We started investigating the process and were interested in pursuing this, however he left out the fact that we would have to pay 885 USD up front to even campaign to become a delegate.
We decided we would build a bridge wrapper for BTS and request delegation for this process. As an experiment I put the money up and began campaigning, after several days of people asking us not to spend the delegate money and other ridiculous requests we were given delegation status. Most of their criticism was that we were involved with NuBits and they felt anyone who was involved with NuBits which to them is a clear scam has bad judgement (this came from forum moderators and community leaders).

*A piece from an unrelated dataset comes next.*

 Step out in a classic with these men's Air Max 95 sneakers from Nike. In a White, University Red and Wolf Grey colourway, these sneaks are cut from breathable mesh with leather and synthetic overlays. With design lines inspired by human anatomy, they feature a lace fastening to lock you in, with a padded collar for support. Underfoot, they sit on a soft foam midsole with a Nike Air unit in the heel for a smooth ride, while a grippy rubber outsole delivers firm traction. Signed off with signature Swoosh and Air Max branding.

We then had to buy a VPS and setup the client incurring even more costs. During this time there were hard forks and other issues we ran into and just running the client costs us several hours of work.
After many days of campaigning, setting up the VPS and paying the initial fee we were elected to be a delegate and we began to slowly receive BTS and work on the wrapper.

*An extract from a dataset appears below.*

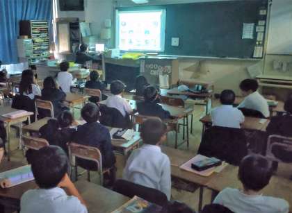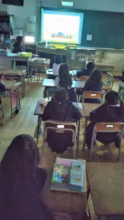 今朝も1年生の教室からアルファベットの元気な歌声が聴こえてきました。映像に合わせて歌などで英語に慣れ親しんでいます。

After beginning to work on the wrapper, every day we were hounded with questions about when the wrapper would be ready within days of starting. While the community overlooked other critical and relevant questions (Asking us about our experience, asking us to verify our identity with PGP, etc) they instead hounded us if we would spend the BTS and when the wrapper would be done.
I was even told by a community leader that “it may be a miscommunication because many of his tech guys didn’t know what a wrapper was”. I told him that I would question the credentials of any people claiming to be “tech guys” who don’t know what a software wrapper is and linked him to google search for the phrase “software wrapper”.

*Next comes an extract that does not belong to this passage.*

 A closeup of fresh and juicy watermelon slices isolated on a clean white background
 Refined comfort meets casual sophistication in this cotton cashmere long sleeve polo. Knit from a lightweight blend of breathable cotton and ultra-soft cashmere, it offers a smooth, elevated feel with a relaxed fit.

Instead of spending countless more hours answering the same questions we had already answered several times, I chose to tell the community we would rather focus on development than answering questions on their forums.
In the end our delegation status was removed before we even covered the original 885 entry costs not to mention the countless hours spent maintaining the client and campaigning to be a delegate. We lost countless hours and a significant amount of money and we came away with the conclusion that the BTS community had a childish approach to competition and poor management skills.
I believe that the distributed delegation system is very interesting but I believe the BTS community is incredibly unhealthy.
They would like a system where they can hire contracters to do small jobs, but the upfront costs of becoming a delegate and the amount of time it takes to campaign makes it very hard for small contractors to enter. The risk vs. reward is heavily against small contractors and the large stake holders of BTS would rather people work for free for their benefit before allowing people to become delegates. In essence they have a system that doesn’t fit their desired goal, and refuse to acknowledge anything wrong.
You can find all my posts on their forums where I argue these point and they sidestep answering my criticisms of their system.
I think the system is good but the community due to a early bubble and bad distribution will never reach the full potential. I hope someday someone takes their codebase and creates a community that isn’t entirely focused on creating early adopters who suffered losses in the first bubble.